Bahz Luhrmann's The Great Gatsby (2013) more than made up for the disappointment. I loved the excess of it, the garish house, the lavish parties, the rap music, the over-the-top art direction. I was not looking for a faithful rendition of a great novel into film. I was looking for, from Luhrmann the director of Romeo and Juliet, and of Moulin Rouge, a re-envisioning of the world, and he gave us one, tarted up, and dared us to disavow it. Leonardo DiCaprio surprised me by depicting Jay Gatsby with sufficient complexity. Tobey Maguire was out of his depth as Nick Carraway. Carey Mulligan as Daisy Buchanan was a fairy princess; we see her through Gatsby's eyes, as one who can wipe away the past and restart one's life at a pure beginning.

I also enjoyed The Way Way Back (2013), which we watched the next night. Directed and written by Nat Faxon and Jim Rash, the teen comedy had the distinction of not condescending to teenagers and not sentimentalizing them. Liam James played a shy 14-year-old Duncan, whose face was not so much blank as uncertain. The story had the expected happy ending, but James's acting lifted it above the ordinary.

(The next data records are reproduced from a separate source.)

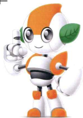
伊予鉄総合企画 働き方改革推進キャラクター IyoRobo

“RPAで取り組む働き方改革”とスローガンを掲げ、既存の人材サービスとあわせ、地域の働き方改革に貢献し、人材×RPAで企業の新しい働き方改革を応援します。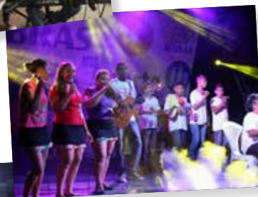
JULHO Albras Mais Perto de Você de Vila do Conde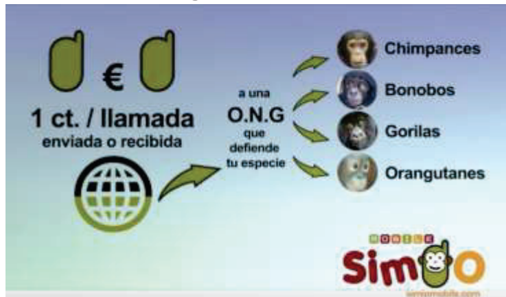
Figura 2. Simiomobile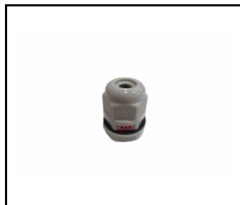
Variabilní odvěšovací vývodka šedá M20*1,5 IP68 (16000507)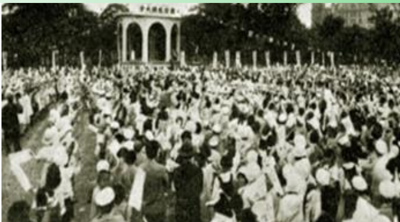
1932年第1回学童歯磨教練体育大会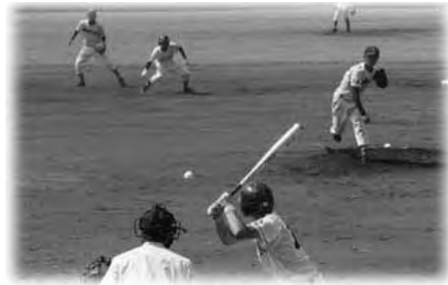
猛暑の中、熱戦が繰り広げられました

8月11日、中野市営野球場において「第3回中野市長杯争奪三高校野球大会」が開催されました。今大会は、中野西高校と中野実業高校・中野高校・中野立志館高校の合同チームとの試合が行われ、中野西高校が勝利しました。また、大会終了後は赤穂高校をゲストチームに迎え、赤穂高校対中野西高校、赤穂高校対合同チームの練習試合が行われ熱戦が繰り広げられました。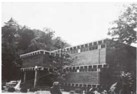
和歌山城内に建てられた和歌山県立美術館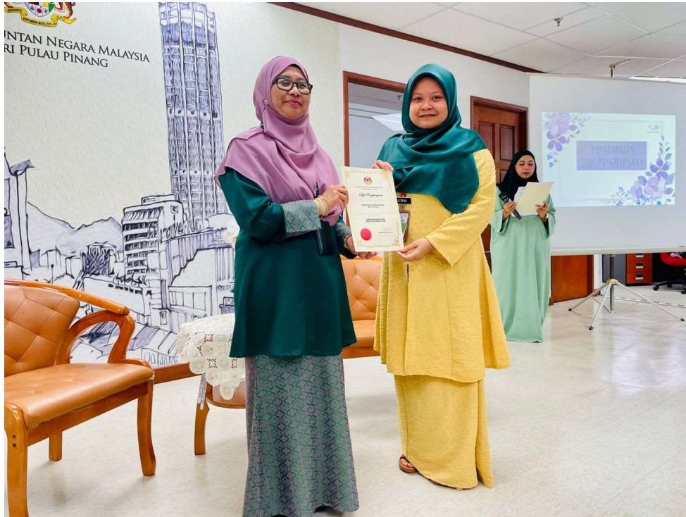
Penganugerah sijil kepada PIC EKSA

Last night, we watched Be with Me, the 2005 film by Singapore director Eric Khoo. The film wove together three stories with beautiful cinematography and minimal dialogue. The parts were all played by non-professional actors. In the first, a lonely elderly shopkeeper fell in love with a blind and deaf woman when he read the story of her extraordinary life. The second story traced the love and then the break-up of a teenage lesbian couple. In the third, a security guard matched his obsession with food with his obsession with a woman in his building. One of them would die looking for love.